Common Voice Scripted Speech 24.0 - Central Kurdish

Split	Samples
Train	95,895
Validation	11,987
Test	11,987

Preprocessing & Augmentation

Audio was resampled to 16 kHz mono and processed through Whisper's log-mel feature extractor with return_attention_mask=True. Training samples were augmented on-the-fly with:

Volume perturbation (scale ×0.7–1.3, p=0.4)
Gaussian noise (σ=0.001–0.006, p=0.3)
Speed perturbation via resampling (factor ×0.95–1.05, p=0.2)

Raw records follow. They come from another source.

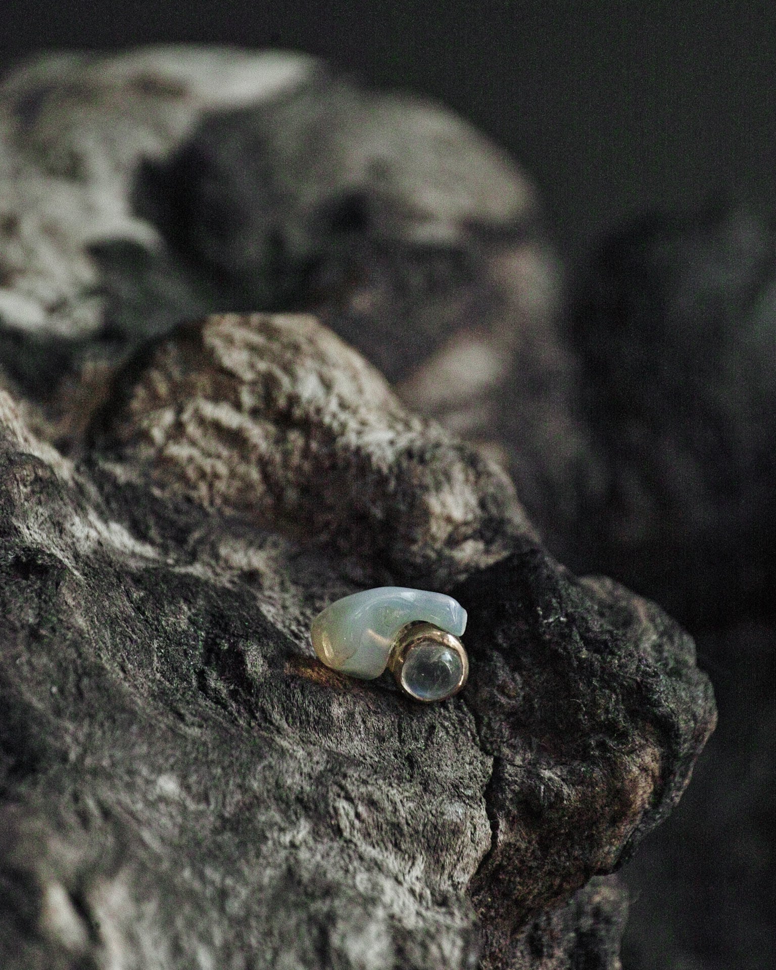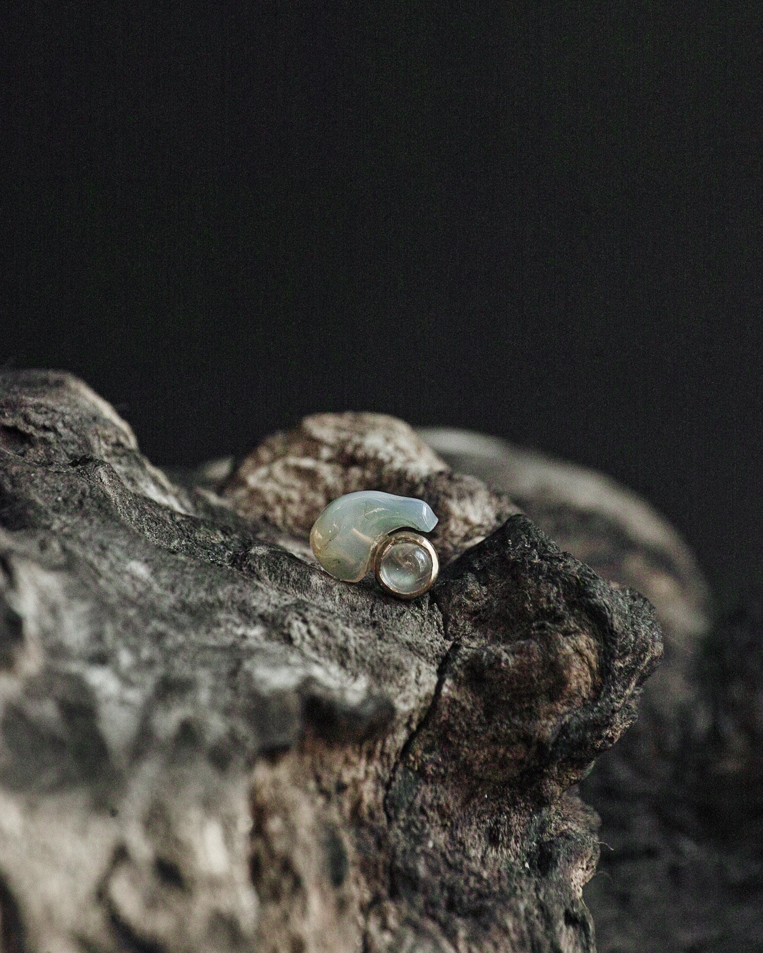 18k台座レインボームーンストーン+オパール原石ピアス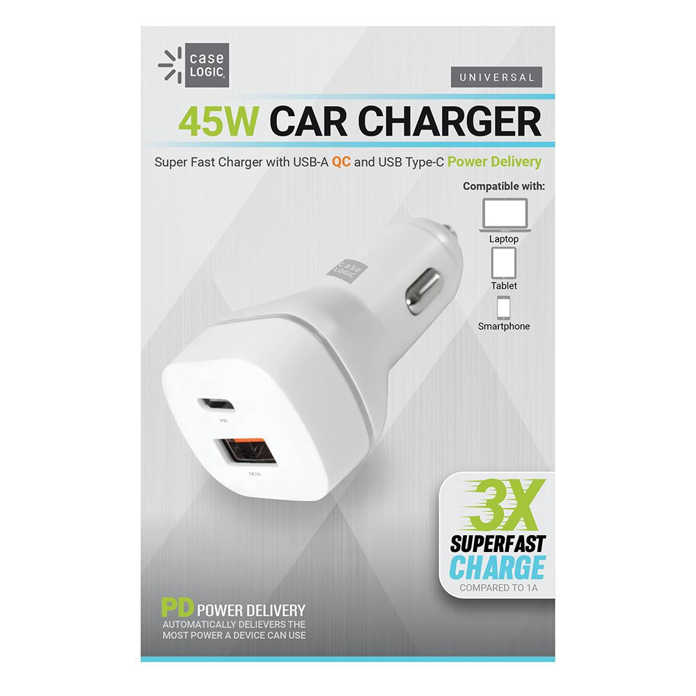 Case Logic 45-Watt Dual Port Car Charger - White
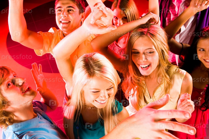 Веселые друзья, играющие в клубы на дискотеке рядом друг с другом с улыбками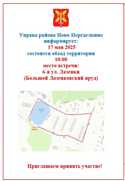 Начало маршрута: 10:00. А место встречи: 6-я ул. Лазенки (Большой Лазенковский пруд). У всех желающих будет возможность задать интересующие вопросы и обсудить важные темы.

No augmentation was applied to validation or test sets.

Training Hyperparameters

Parameter	Value
Base model	openai/whisper-small
Precision	BF16 + TF32
Per-device batch size (train)	128
Per-device batch size (eval)	128
Gradient accumulation steps	1
Learning rate	1e-3
LR scheduler	Cosine
Warmup steps	375
Max epochs	15
Eval & save interval	750 steps
Best model metric	WER (lower is better)
Gradient checkpointing	Enabled

LoRA Configuration

Parameter	Value
Rank (`r`)	32
Alpha	64
Dropout	0.1
Target modules	`q_proj`, `v_proj`, `k_proj`, `out_proj`, `fc1`, `fc2`
Bias	none
Task type	SEQ_2_SEQ_LM
Adapter size	~52 MB (pre-merge)

Training was run in multiple resumed sessions on Modal (A10G GPU).

Uses

Direct Use

Transcribing Central Kurdish (Sorani) speech to text. Suitable for:

Voice-to-text applications for Sorani Kurdish speakers
Subtitle and caption generation for CKB audio/video content
Research and downstream NLP tasks on Kurdish text

Out-of-Scope Use

Not suitable for Kurmanji (kmr), Zazaki, or other Kurdish dialects without further fine-tuning.
Not evaluated on telephone-quality, heavily noisy, or far-field audio.
Not intended for real-time streaming ASR without additional latency optimization.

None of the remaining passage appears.